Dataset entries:
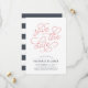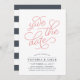 Simple et élégant, notre mariage Romantic Request enregistrer la carte de date caractéristiques "enregistrer la date" dans la typographie de script rose corail avec un coeur chic travaillé dans le design. Ajoutez les détails de votre mariage, y compris les noms, la date du mariage, l'emplacement et le site Web, en lettres gris-bleu poussiéreux. Les cartes renversent vers les rayures horizontales modernes en bleu marine et blanc.
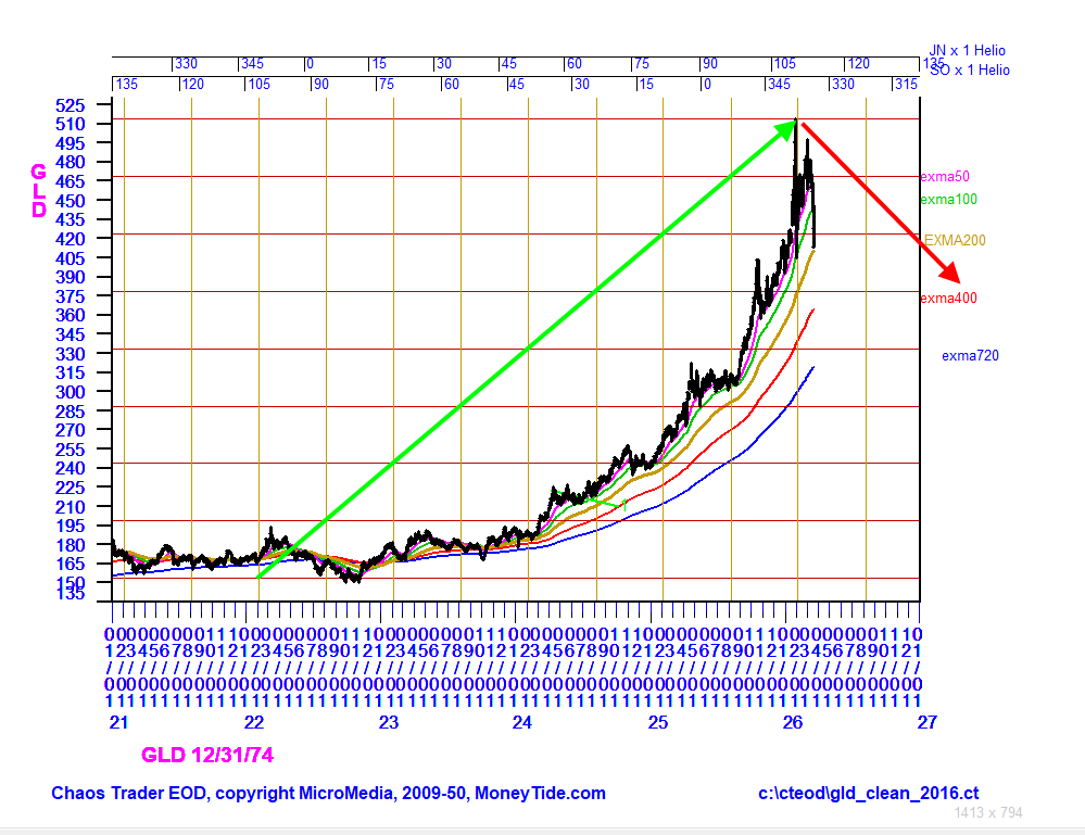 This chart of GLD, a gold Exchange Traded Fund, has topped. It is similar to the
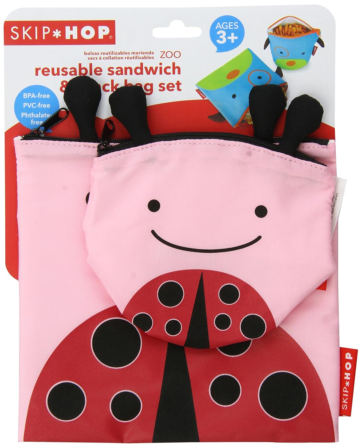 Skip Hop Baby Zoo Little Kid and Toddler 2-Piece Reusable Sandwich and Snack Bag Mealtime Set, Multi Livie Ladybug is best for youSnacks on the move! Our Zoo Reusable Sandwich & Snack Bag Set is made for little kids learning to eat independently, whether at home or on-the-go. The sandwich pouch is ideal for your kiddo's favorite lunch, without the waste of traditional plastic bags. The snack pouch includes a side handle designed just for little hands, perfect for your toddler to tote to the park, preschool, playground and even on the plane!
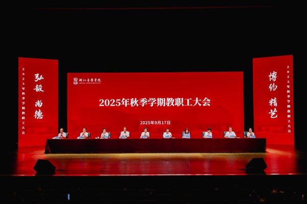 王瑞全面总结“十四五”以来学校发展取得的成绩,深入分析当前面临的新形势新任务,并就科学谋划“十五五”规划提出建设性意见。他指出,“十四五”是浙音实现跨越式发展、奠定格局的关键五年。全校上下紧紧围绕“立德树人”根本任务和“高水平一流音乐学院”建设目标,以“二次创业”的奋斗姿态,持续深化改革创新、推进内涵建设,在学科专业建设、人才培养、艺术创作、社会服务等各个方面实现显著突破。面对新发展阶段的形势与任务,王瑞表示,必须清醒认识当前高等教育和文化艺术领域深刻变革所带来的机遇与挑战,进一步增强忧患意识和战略主动,坚定不移以高质量发展为主线,统筹做好下半年重点工作与“十五五”规划开局谋划。针对下一步工作,他提出三点要求,一是坚持系统规划与学科引领。高质量完成下半年学科建设与教学改革任务,启动新一轮规划编制工作。高起点推进学科专业建设,构建具有浙音特色的音乐学科体系。推进科研、教学与实践深度融合,完善培养机制,全面提升创新能力。二是推动科研创作与社会服务提质增效。重点推进本年度国家艺术基金、社科基金等重大项目的创研工作,充分激活现有人才资源,精准引进高端人才,建立健全科研成果与艺术创作成果的转化机制,主动服务文化浙江建设与国家重大战略需求,显著提升学校在高端成果产出、学术引领与社会服务中的贡献度。三是深化现代大学治理体系改革。全面推动数字化建设在教育教学、艺术创作、学术研究与内部管理中的深度融合与应用,加快构建符合新时代要求的现代大学治理体系,为学校持续发展注入强大动能。希望大家牢固树立以学校发展为核心的大局观,团结协作、勇于担当,以开放、创新、务实的态度共同推动浙音高质量发展。
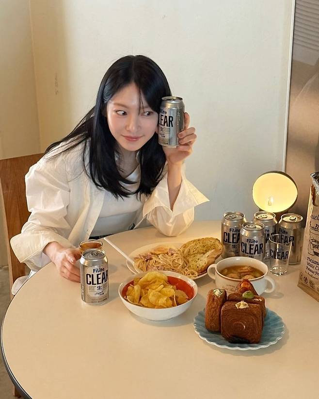 함께 공개된 사진 속에서는 필라이트 클리어 캔과 함께 파스타, 감자칩 등 간단한 핑거푸드가 놓인 테이블이 배경으로 등장해 소소하지만 정감 있는 홈파티 분위기를 자아낸다. 여기에 공승연 특유의 단정한 헤어스타일과 은은한 미소는 전체적인 스타일링에 따뜻한 감성을 더하며 보는 이들에게 힐링을 전한다.
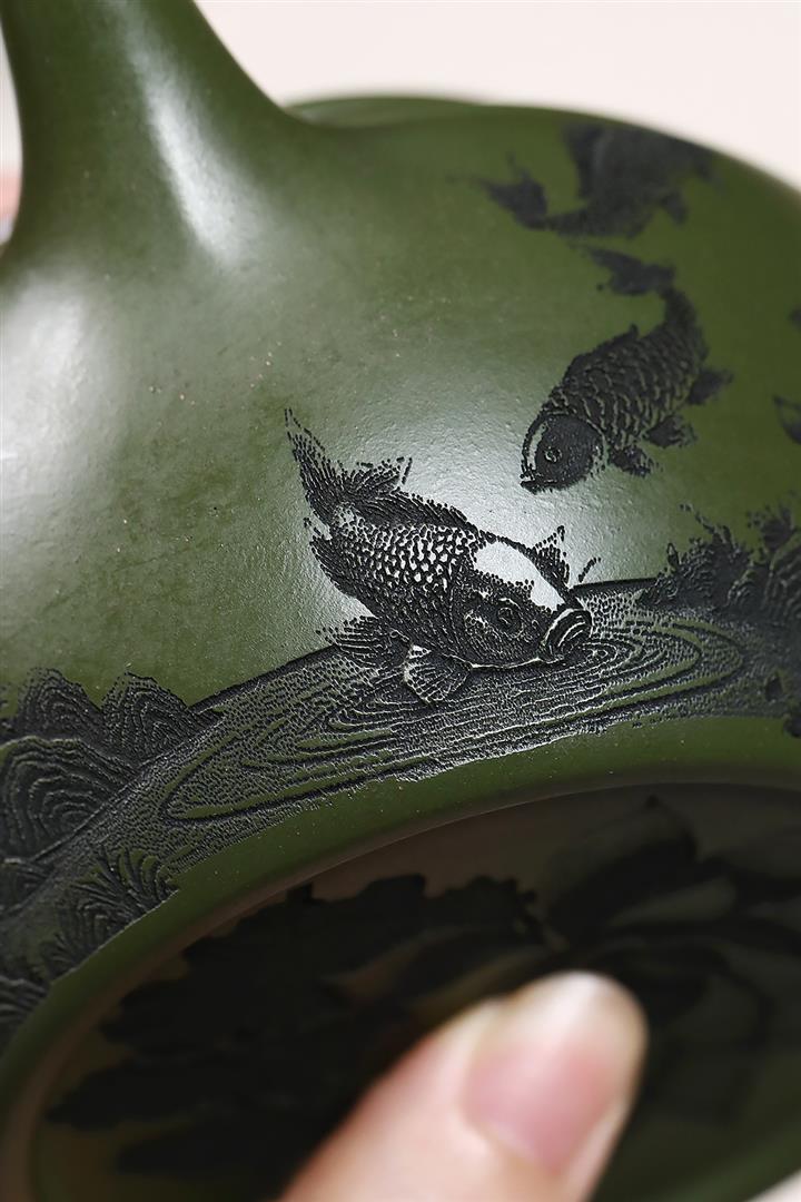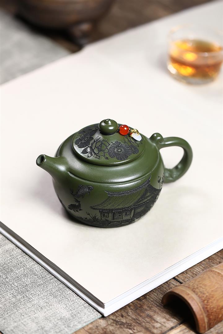 原礦綠泥蓮年有魚茶壺POT7544
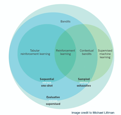 - Evaluative: reward is relative to the agent. Algorithm must balance between gathering and utilization of information (exploration vs. exploitation, respectively).
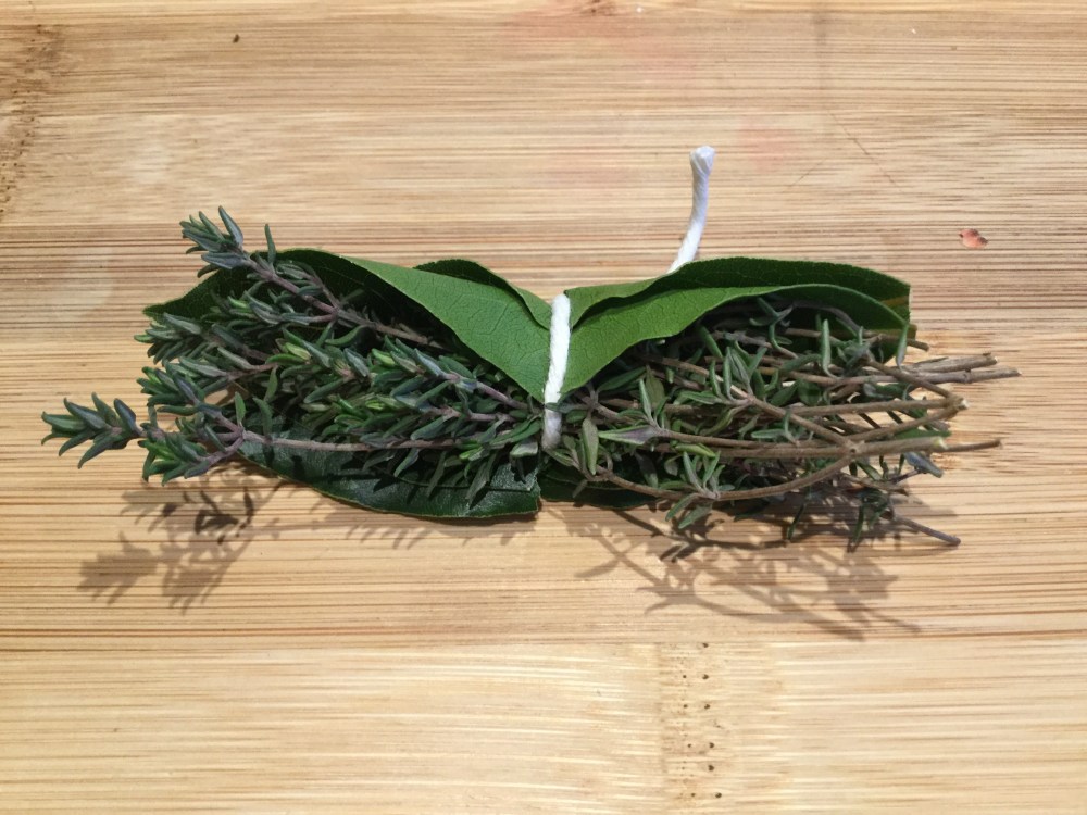 - 黒ビールとハーブを鍋に加える。(私はハーブをブーケガルニに作る。それで後に取り除きやすい。)ひとつまみの塩を入る。必要ならお肉までがすっぽり浸かるだけの十分な水を鍋に加える。

> **Work to be completed**: Restate, word for word and without pictures, the lines from the line containing "原礦綠泥蓮年有魚茶壺POT7544" to the last line of the records above.

> **Problem solution**:
 原礦綠泥蓮年有魚茶壺POT7544
 - Evaluative: reward is relative to the agent. Algorithm must balance between gathering and utilization of information (exploration vs. exploitation, respectively).
 - 黒ビールとハーブを鍋に加える。(私はハーブをブーケガルニに作る。それで後に取り除きやすい。)ひとつまみの塩を入る。必要ならお肉までがすっぽり浸かるだけの十分な水を鍋に加える。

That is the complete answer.